| DIRECTIONS |
Return the first line of the listing below and all the lines after it through the one containing "BETON: Naar deze", exactly, without pictures.

| DATA SUPPLIED |
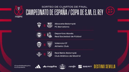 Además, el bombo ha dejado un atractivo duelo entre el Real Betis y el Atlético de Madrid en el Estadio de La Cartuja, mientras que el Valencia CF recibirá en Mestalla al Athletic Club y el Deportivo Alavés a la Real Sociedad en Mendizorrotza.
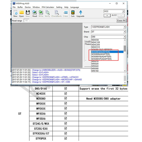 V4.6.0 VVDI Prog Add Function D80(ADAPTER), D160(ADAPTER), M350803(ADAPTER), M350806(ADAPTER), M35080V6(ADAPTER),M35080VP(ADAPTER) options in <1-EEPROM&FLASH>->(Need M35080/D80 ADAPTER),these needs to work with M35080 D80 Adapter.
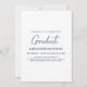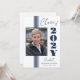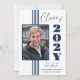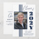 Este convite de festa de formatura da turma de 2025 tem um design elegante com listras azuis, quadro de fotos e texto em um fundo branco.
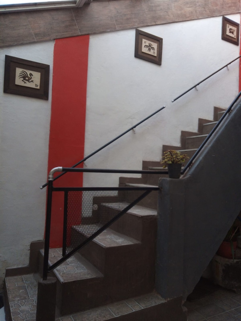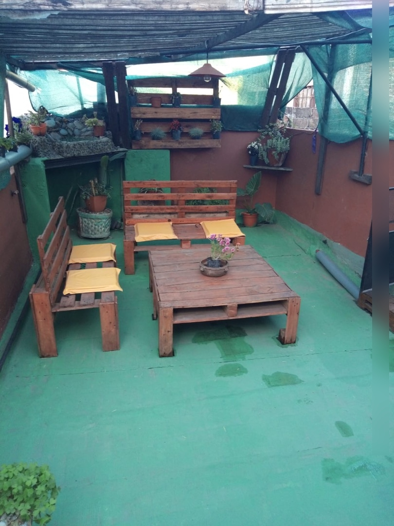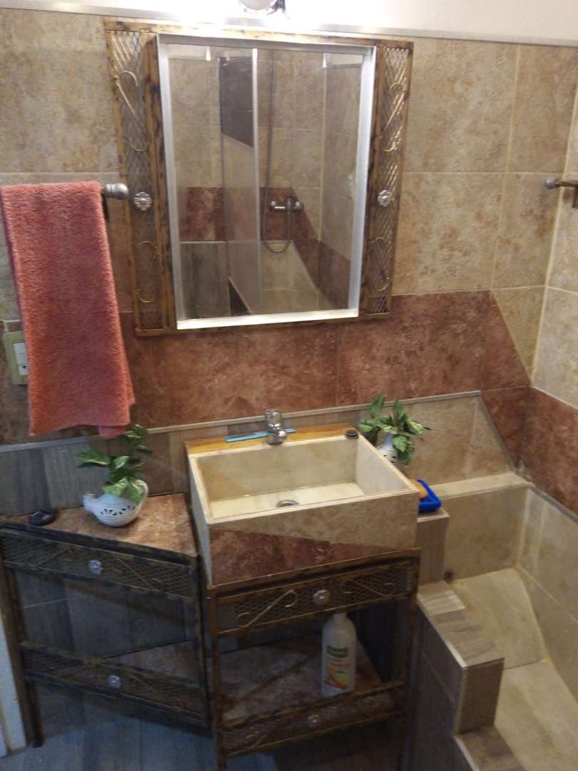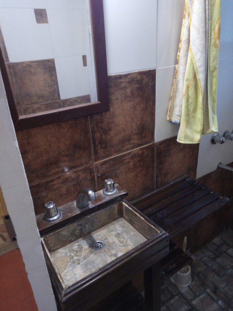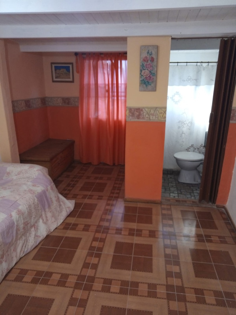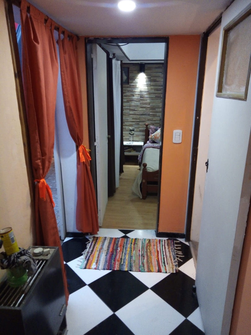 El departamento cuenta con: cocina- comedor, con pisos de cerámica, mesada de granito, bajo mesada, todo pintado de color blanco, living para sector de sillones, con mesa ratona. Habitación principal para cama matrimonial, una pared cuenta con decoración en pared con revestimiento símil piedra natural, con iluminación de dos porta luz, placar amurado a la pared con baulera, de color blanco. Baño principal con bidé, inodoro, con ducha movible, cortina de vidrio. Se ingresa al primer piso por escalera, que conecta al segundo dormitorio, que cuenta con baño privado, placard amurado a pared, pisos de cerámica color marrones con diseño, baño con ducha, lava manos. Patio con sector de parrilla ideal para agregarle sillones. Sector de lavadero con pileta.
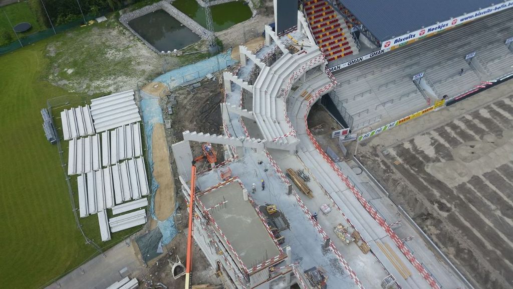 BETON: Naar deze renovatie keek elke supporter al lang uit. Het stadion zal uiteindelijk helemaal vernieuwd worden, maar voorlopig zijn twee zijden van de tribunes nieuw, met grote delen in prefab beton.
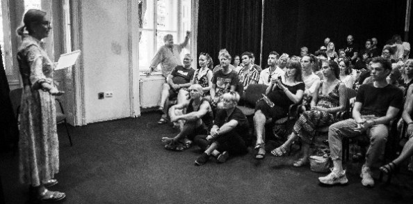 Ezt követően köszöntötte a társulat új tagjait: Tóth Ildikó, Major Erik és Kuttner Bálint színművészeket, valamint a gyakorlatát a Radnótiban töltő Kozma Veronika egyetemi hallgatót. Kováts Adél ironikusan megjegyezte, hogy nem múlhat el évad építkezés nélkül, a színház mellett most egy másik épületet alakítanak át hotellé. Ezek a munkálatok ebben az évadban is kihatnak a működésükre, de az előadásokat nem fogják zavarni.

| SOLUTION |
 Además, el bombo ha dejado un atractivo duelo entre el Real Betis y el Atlético de Madrid en el Estadio de La Cartuja, mientras que el Valencia CF recibirá en Mestalla al Athletic Club y el Deportivo Alavés a la Real Sociedad en Mendizorrotza.
 V4.6.0 VVDI Prog Add Function D80(ADAPTER), D160(ADAPTER), M350803(ADAPTER), M350806(ADAPTER), M35080V6(ADAPTER),M35080VP(ADAPTER) options in <1-EEPROM&FLASH>->(Need M35080/D80 ADAPTER),these needs to work with M35080 D80 Adapter.
 Este convite de festa de formatura da turma de 2025 tem um design elegante com listras azuis, quadro de fotos e texto em um fundo branco.
 El departamento cuenta con: cocina- comedor, con pisos de cerámica, mesada de granito, bajo mesada, todo pintado de color blanco, living para sector de sillones, con mesa ratona. Habitación principal para cama matrimonial, una pared cuenta con decoración en pared con revestimiento símil piedra natural, con iluminación de dos porta luz, placar amurado a la pared con baulera, de color blanco. Baño principal con bidé, inodoro, con ducha movible, cortina de vidrio. Se ingresa al primer piso por escalera, que conecta al segundo dormitorio, que cuenta con baño privado, placard amurado a pared, pisos de cerámica color marrones con diseño, baño con ducha, lava manos. Patio con sector de parrilla ideal para agregarle sillones. Sector de lavadero con pileta.
 BETON: Naar deze renovatie keek elke supporter al lang uit. Het stadion zal uiteindelijk helemaal vernieuwd worden, maar voorlopig zijn twee zijden van de tribunes nieuw, met grote delen in prefab beton.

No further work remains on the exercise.